▸ **Supplied data**:
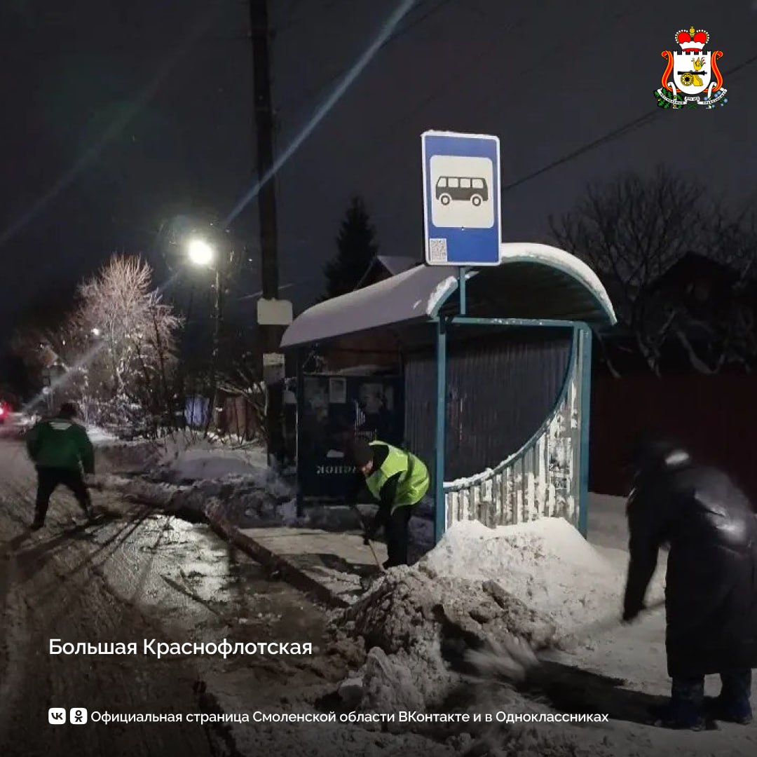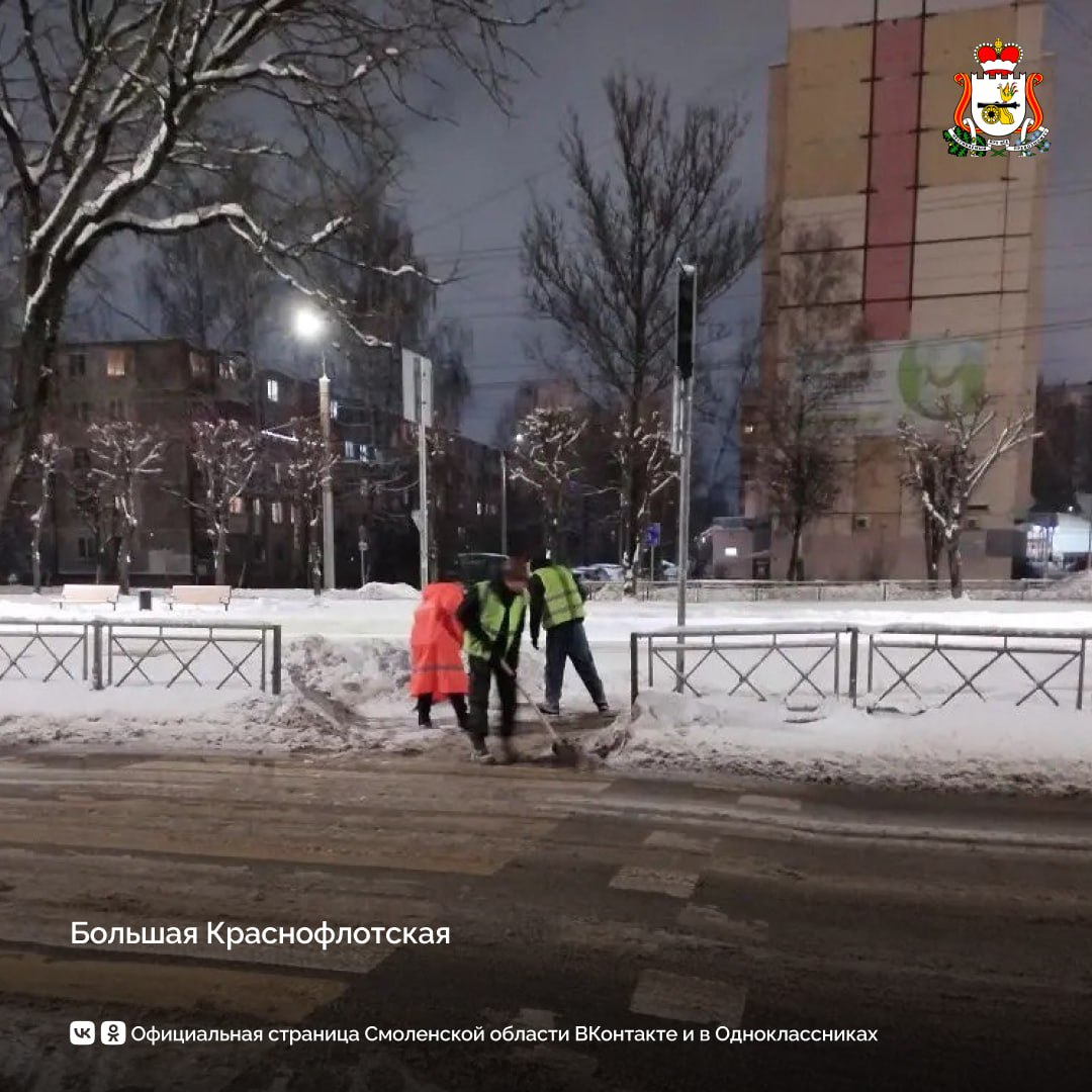 Все службы работают по установленному плану для поддержания чистоты и безопасности на дорогах и улицах Смоленска. Благодарим за труд дорожников и коммунальщиков!
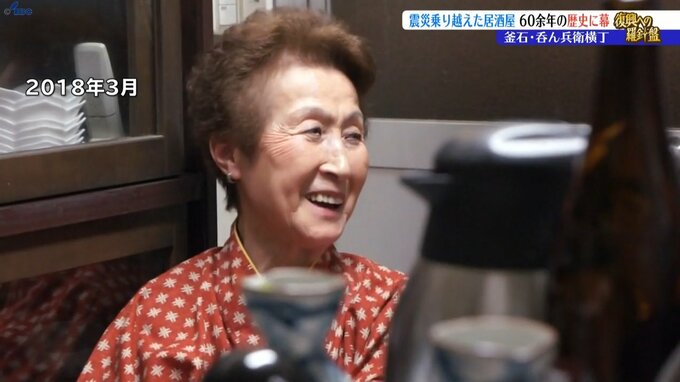 2011年の東日本大震災で呑ん兵衛横丁が全壊した際は、仲間と仮設店舗で営業を再開。仮設店舗が入居期限となった2018年に閉店を余儀なくされるも、翌年には市内で店を再開していました。
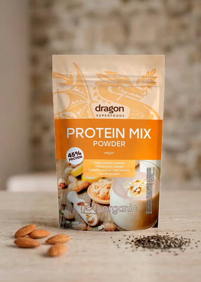 Protein Mix økologisk, glutenfrit og vegansk – kraftfuldt, plantebaseret proteinpulver. Produktet kombinerer hamp-, chia- og græskarprotein med kvalitetskakao for en nøddeagtig og intens smag. Protein Mix indeholder alle essentielle aminosyrer og fungerer som et praktisk tilskud før eller efter træning, i smoothies, shakes eller morgenmåltider. Pulveret er uden tilsat sukker og nemt at integrere i en plantebaseret kost som energiboost og proteinrige måltider.
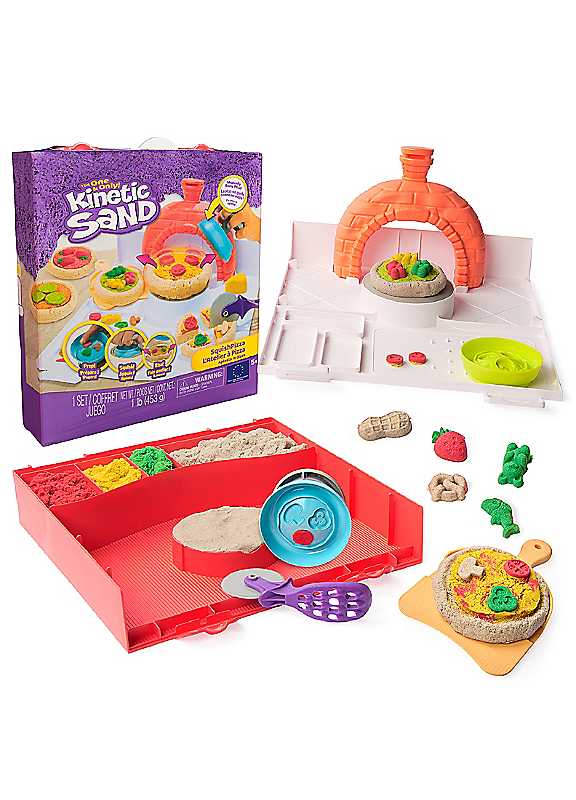 Create magically rising pizzas with Kinetic Sand SquishPizza. This themed playset will inspire little chefs to shape, mould and customise their own pizzas. With 452g of Kinetic Sand in 4 colours, 2 squishers and 3 tools, kids can prep by moulding topping shapes like pepperoni and vegetables, then squish down their pizza creations, watching them pop up and rise like a real pizza, sparking imaginative pretend play.Age Suitability: 5+ YearsNot suitable for children under 3 years old.

▸ **Task directions**: Please return all of the material above exactly, minus any pictures.

▸ **Exercise solution**:
 Все службы работают по установленному плану для поддержания чистоты и безопасности на дорогах и улицах Смоленска. Благодарим за труд дорожников и коммунальщиков!
 2011年の東日本大震災で呑ん兵衛横丁が全壊した際は、仲間と仮設店舗で営業を再開。仮設店舗が入居期限となった2018年に閉店を余儀なくされるも、翌年には市内で店を再開していました。
 Protein Mix økologisk, glutenfrit og vegansk – kraftfuldt, plantebaseret proteinpulver. Produktet kombinerer hamp-, chia- og græskarprotein med kvalitetskakao for en nøddeagtig og intens smag. Protein Mix indeholder alle essentielle aminosyrer og fungerer som et praktisk tilskud før eller efter træning, i smoothies, shakes eller morgenmåltider. Pulveret er uden tilsat sukker og nemt at integrere i en plantebaseret kost som energiboost og proteinrige måltider.
 Create magically rising pizzas with Kinetic Sand SquishPizza. This themed playset will inspire little chefs to shape, mould and customise their own pizzas. With 452g of Kinetic Sand in 4 colours, 2 squishers and 3 tools, kids can prep by moulding topping shapes like pepperoni and vegetables, then squish down their pizza creations, watching them pop up and rise like a real pizza, sparking imaginative pretend play.Age Suitability: 5+ YearsNot suitable for children under 3 years old.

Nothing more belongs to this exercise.